View our latest analysis for SK Biopharmaceuticals
What Does SK Biopharmaceuticals' Recent Performance Look Like?
Recent times have been advantageous for SK Biopharmaceuticals as its revenues have been rising faster than most other companies. It seems the market expects this form will continue into the future, hence the elevated P/S ratio. You'd really hope so, otherwise you're paying a pretty hefty price for no particular reason.
Keen to find out how analysts think SK Biopharmaceuticals' future stacks up against the industry? In that case, our free report is a great place to start.Do Revenue Forecasts Match The High P/S Ratio?
In order to justify its P/S ratio, SK Biopharmaceuticals would need to produce outstanding growth that's well in excess of the industry.

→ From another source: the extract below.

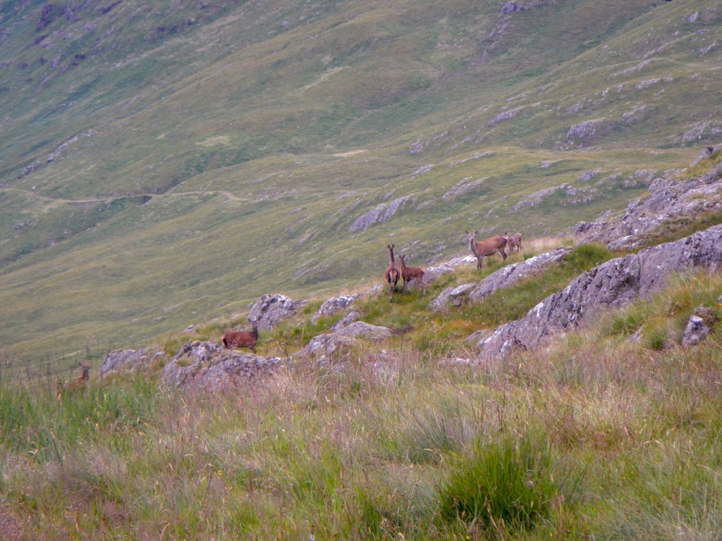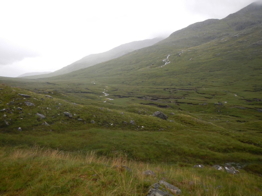 Eventually the rocky path fizzled out to nothing and I headed downhill in a more westerly direction, surprising a group of deer. As I was reaching a place where I could just about see the main path in the glen, the heavens opened, rain poured down and the visibility decreased. I lost the path and ended up meeting it below the high point.

If we review the last year of revenue growth, the company posted a terrific increase of 44%. Spectacularly, three year revenue growth has ballooned by several orders of magnitude, thanks in part to the last 12 months of revenue growth. Therefore, it's fair to say the revenue growth recently has been superb for the company.
Turning to the outlook, the next three years should generate growth of 32% each year as estimated by the analysts watching the company. Meanwhile, the rest of the industry is forecast to only expand by 28% per year, which is noticeably less attractive.
In light of this, it's understandable that SK Biopharmaceuticals' P/S sits above the majority of other companies. Apparently shareholders aren't keen to offload something that is potentially eyeing a more prosperous future.
The Final Word
We'd say the price-to-sales ratio's power isn't primarily as a valuation instrument but rather to gauge current investor sentiment and future expectations.
We've established that SK Biopharmaceuticals maintains its high P/S on the strength of its forecasted revenue growth being higher than the the rest of the Pharmaceuticals industry, as expected. It appears that shareholders are confident in the company's future revenues, which is propping up the P/S. It's hard to see the share price falling strongly in the near future under these circumstances.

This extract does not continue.